Patrono dei boscaioli, dal lavoro che ha svolto per gran parte della sua vita, il Beato Enrico da Bolzano fu un uomo umile che raggiunse le vette della santità con il fuoco della carità che gli ardeva nel cuore. Nato in SudTirol, a Bolzano, nel 1250 apparteneva ad una povera e semplice famiglia e prese a lavorare nei boschi.
Era sposato e aveva un figlio e manteneva la famiglia facendo il boscaiolo. Grande lavoratore, la sua giornata iniziava presto e fino al tramonto era intento nella fatica del lavoro. Quello di spacca legna era un mestiere faticoso e anche rischioso perché i pericoli di un incidente erano sempre dietro l’angolo.
A quei tempi il bosco forniva uno dei pochi mezzi di sussistenza per le persone povere. Come ricorda il Martirologio Romano, Enrico, il cui nome originario era Arrigo, era analfabeta. Non aveva di certo potuto studiare e quindi non sapeva né leggere né scrivere.
Ad un certo punto della sua vita con la famiglia si trasferisce a vivere a Treviso, forse perché trova un lavoro più stabile. Nel giro di pochi anni due eventi luttuosi stravolgono la sua vita. Prima la moglie e poi il figlio muoiono e lui si ritrova completamente solo.
La sua vita si trasforma: lascia il lavoro di boscaiolo e va a vivere presso la casa di un notaio che magnanimamente gli concede una piccola stanzetta in cui stare. Da lì in poi Enrico conduce una vita solitaria all’insegna della penitenze, in uno stile ascetico che mette in rilievo la sua grande umiltà.
Veste un semplice e ruvido saio e la preghiera e la contemplazione del Signore diventano la sua principale occupazione. Prega costantemente, lunghe ore, giorno e notte. Si reca in tutte le chiese del circondario per partecipare a tante messe. Ascolta con attenzione e fervore la Parola di Dio.
Per il suo sostentamento si adatta a svolgere i lavori più umili. Quel poco che guadagna però non lo tiene interamente per sé. La sua vita ha un’impronta fortemente caritatevole e sceglie di dividere con gli altri, i più poveri di lui, ciò che ha.

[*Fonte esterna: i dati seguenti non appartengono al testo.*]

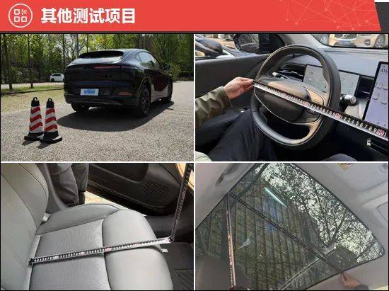 此外,我們還針對駐車雷達、燈光/視野、操控系統、輪胎、天窗、座椅、后備廂進行了測試。經過測試發現,評測車的前排座椅座墊較短,且后駐車雷達最近端持續蜂鳴階段對后方障礙物距離的把控過遠,導致失分。此外,評測車配備了米其林PS EV型號輪胎,具備節能環保、靜音、耐磨和舒適等特點。

Il suo corpo si era trasformato: era piccolo di statura, tarchiato, con un viso dagli occhi incavati, lungo naso e bocca storta e spesso per la strada veniva deriso e insultato. Ma lui reagiva a questi gesti pregando per chi gli faceva del male.
Enrico da Bolzano nella sua vita in Veneto diventa un mendicante: chiede l’elemosina per sopravvivere e ne dona gran parte agli altri mendicanti come lui. La sua semplicità di vita, il suo amore per il prossimo, la fede che manifesta con una costante e accorata preghiera in una vita cristiana esemplare, accrescono la sua fama di santità.

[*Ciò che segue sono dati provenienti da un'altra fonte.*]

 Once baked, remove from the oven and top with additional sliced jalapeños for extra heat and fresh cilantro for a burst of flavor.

Il 10 giugno 1315 improvvisamente viene ritrovato esanime nella sua piccola stanza, che era come la cella di un monastero. Tutti lo consideravano santo. Secondo quanto afferma la tradizione, alla sua morte le campane delle chiese intorno iniziano a suonare da sole. Questo fatto prodigioso ovviamente suscita stupore e meraviglia in tutta la zona.
La gente inizia a pregarlo chiedendo la sua intercessione e fioccano i miracoli. Si parla di oltre 346 guarigioni inspiegabili avvenute e confermate da testimoni negli anni dopo la sua morte. La sua tomba diventa luogo di pellegrinaggio e le persone giungono anche da molto lontano per venerare un personaggio che già si considera santo.

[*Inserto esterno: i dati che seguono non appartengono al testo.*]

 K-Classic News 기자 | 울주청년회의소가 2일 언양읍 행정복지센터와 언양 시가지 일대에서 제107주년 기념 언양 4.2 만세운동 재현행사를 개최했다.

Il biografo di Enrico, Pier Domenico di Baone, che fu più tardi vescovo di Treviso è tra coloro che testimoniarono miracoli. Nell 1381 e nel 1712 avvennero delle ricognizioni della sua salma. Una reliquia fu portata a Bolzano nel 1759 ed è tuttora venerata nel duomo. Nelle diocesi venete e altoatesine sorsero alcune chiese a lui dedicate. Il culto del beato fu approvato da Benedetto XIV, per la diocesi di Treviso, e da Pio VII, per quella di Trento.